** MATERIAL SUPPLIED follows **

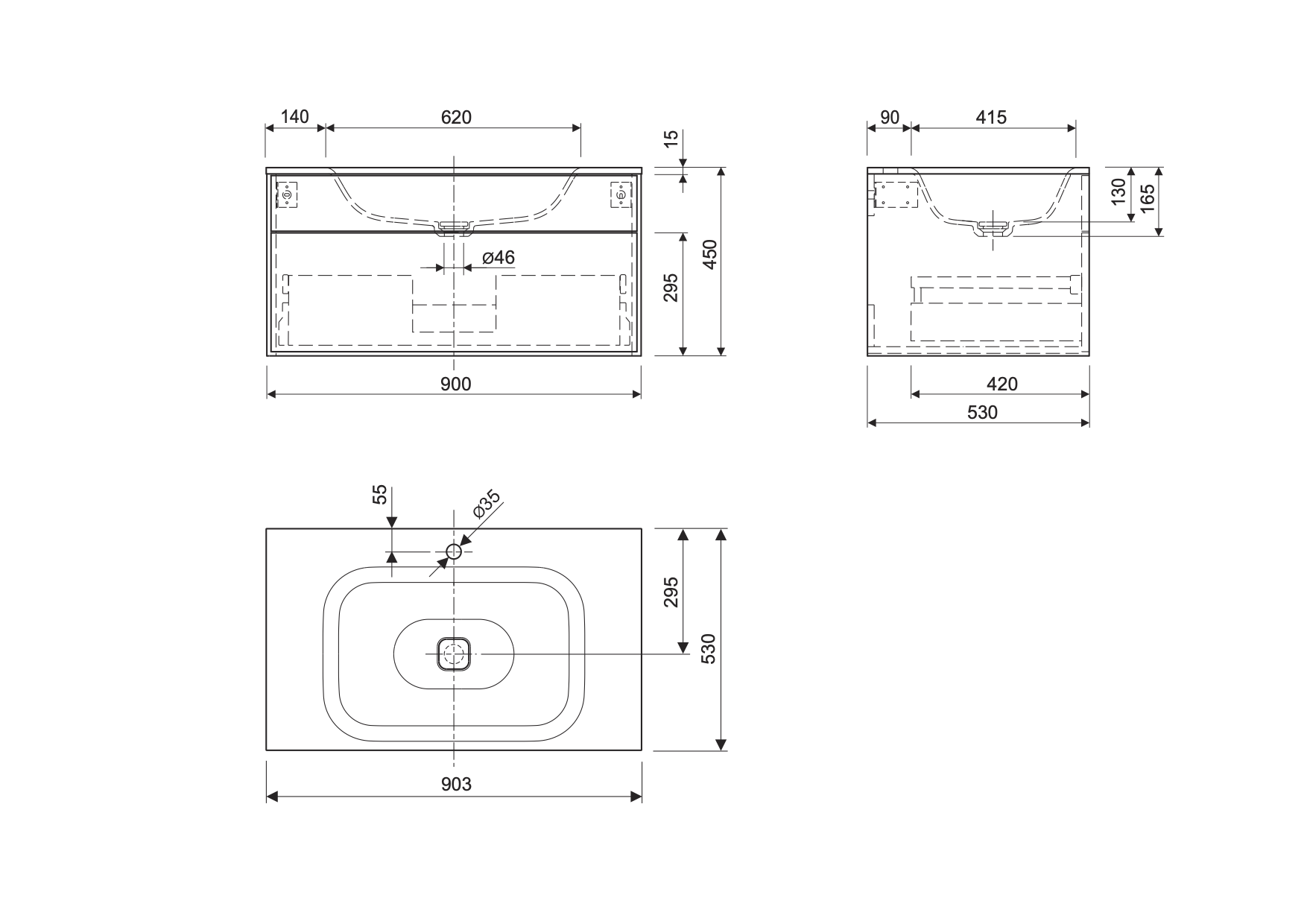 lavabo singolo + base con un cassetto
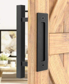 Sliding Barn Door Handle Pull Cabinet Flush Hardware Set Wood Door Handle Interior Door Furniture Handle Hardware Sliding Barn Door Pull Handle with Flush Hardware Set Heavy Duty Solid Square Rustic Style Black Powder Coated Finish
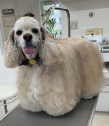 2週間毎にご来店のアメリカンコッカーのねねちゃん、今日はオゾンマイクロナノバブル浴で体3㎜コッカーカットのご注文です…
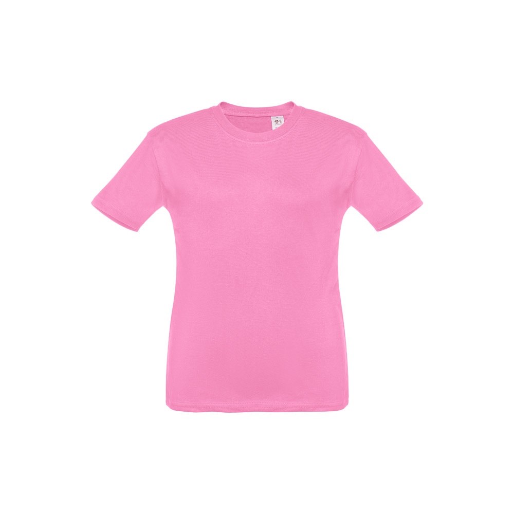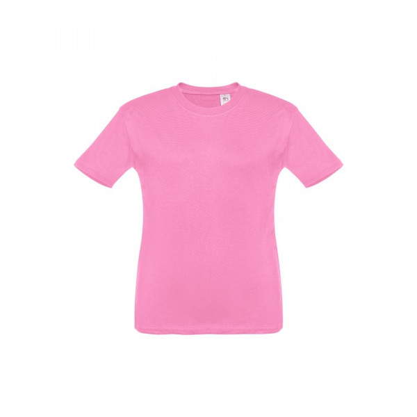 T-shirt voor kinderen (unisex). Van 100% gekaard jersey katoen (150 g/m²). Bevat een 1x1 ribkraag met tricotverstevigings biaisband. Geknipt en genaaid kledingstuk met dubbel gestikte zoom aan de mouwen en onderkant. Maten: 2, 4, 6, 8, 10, 12
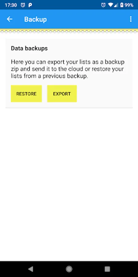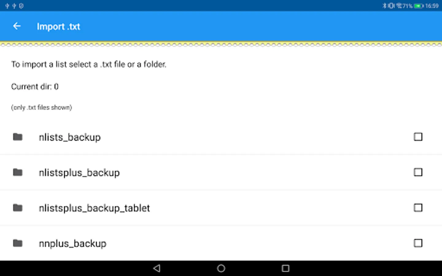 You can import / export your lists as .txt files, you can also use this app to open any .txt files on your device and import them.
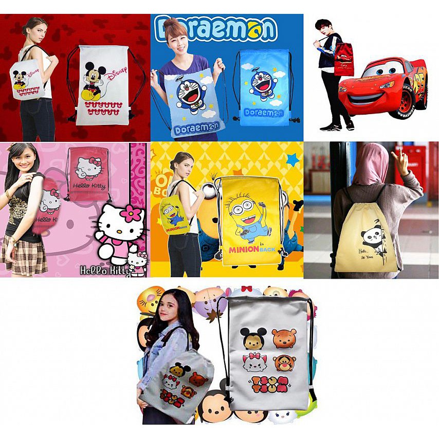 Tas Serut Karakter Bag Kartun Lucu Unik Motif Hello Kitty Doraemon Mickey Mouse Minion Panda Tsum Ts Shopee Indonesia
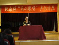音乐学院艺术楼A-308座无虚席。国家一级演员、中央歌剧院歌剧青年女高音歌唱家阮余群正在为音乐学子们做主题为“用心歌唱”的声乐讲座。
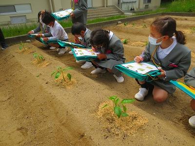 今年は、学校の畑に、なす、ピーマン、オクラ、きゅうり、枝豆の5つの野菜を植えました。野菜の育ち方にはどのような違いがあるのか、子どもたちも興味津々。今日は、みんなで苗の様子を観察しました。
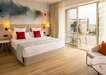 My Favorite Club DBL Front Sea view: kb. 35 m² alapterületű szoba- 1 king-size ággyal vagy 2 külön ággyal és kanapéággyal, a szálloda legfelső emeletein található.
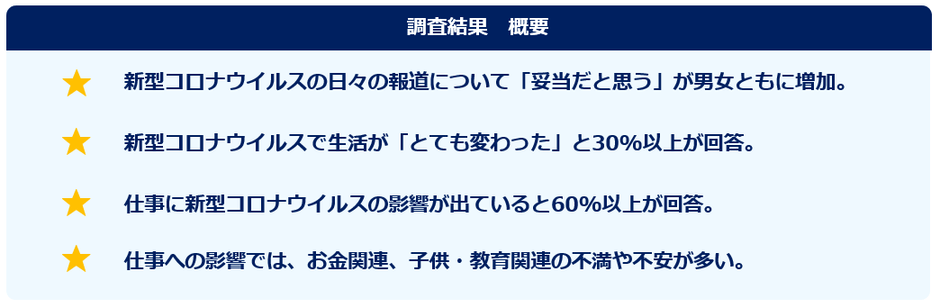 1:新型コロナウイルスの日々の報道について「妥当だと思う」が男女ともに増加。(図1)
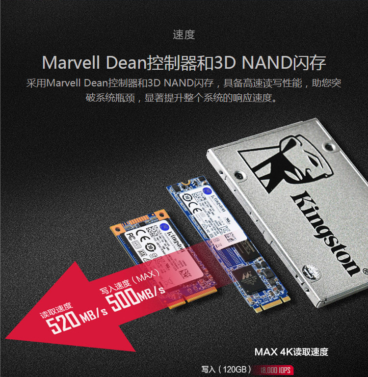 商品名称:金士顿 KINGSTON UV500系列 480G MSATA 固态硬盘

** End of MATERIAL SUPPLIED **

* WORK TO COMPLETE *
All of the material should be reproduced exactly, apart from the pictures.

* RESPONSE TO THIS EXERCISE *
 lavabo singolo + base con un cassetto
 Sliding Barn Door Handle Pull Cabinet Flush Hardware Set Wood Door Handle Interior Door Furniture Handle Hardware Sliding Barn Door Pull Handle with Flush Hardware Set Heavy Duty Solid Square Rustic Style Black Powder Coated Finish
 2週間毎にご来店のアメリカンコッカーのねねちゃん、今日はオゾンマイクロナノバブル浴で体3㎜コッカーカットのご注文です…
 T-shirt voor kinderen (unisex). Van 100% gekaard jersey katoen (150 g/m²). Bevat een 1x1 ribkraag met tricotverstevigings biaisband. Geknipt en genaaid kledingstuk met dubbel gestikte zoom aan de mouwen en onderkant. Maten: 2, 4, 6, 8, 10, 12
 You can import / export your lists as .txt files, you can also use this app to open any .txt files on your device and import them.
 Tas Serut Karakter Bag Kartun Lucu Unik Motif Hello Kitty Doraemon Mickey Mouse Minion Panda Tsum Ts Shopee Indonesia
音乐学院艺术楼A-308座无虚席。国家一级演员、中央歌剧院歌剧青年女高音歌唱家阮余群正在为音乐学子们做主题为“用心歌唱”的声乐讲座。
 今年は、学校の畑に、なす、ピーマン、オクラ、きゅうり、枝豆の5つの野菜を植えました。野菜の育ち方にはどのような違いがあるのか、子どもたちも興味津々。今日は、みんなで苗の様子を観察しました。
 My Favorite Club DBL Front Sea view: kb. 35 m² alapterületű szoba- 1 king-size ággyal vagy 2 külön ággyal és kanapéággyal, a szálloda legfelső emeletein található.
 1:新型コロナウイルスの日々の報道について「妥当だと思う」が男女ともに増加。(図1)
 商品名称:金士顿 KINGSTON UV500系列 480G MSATA 固态硬盘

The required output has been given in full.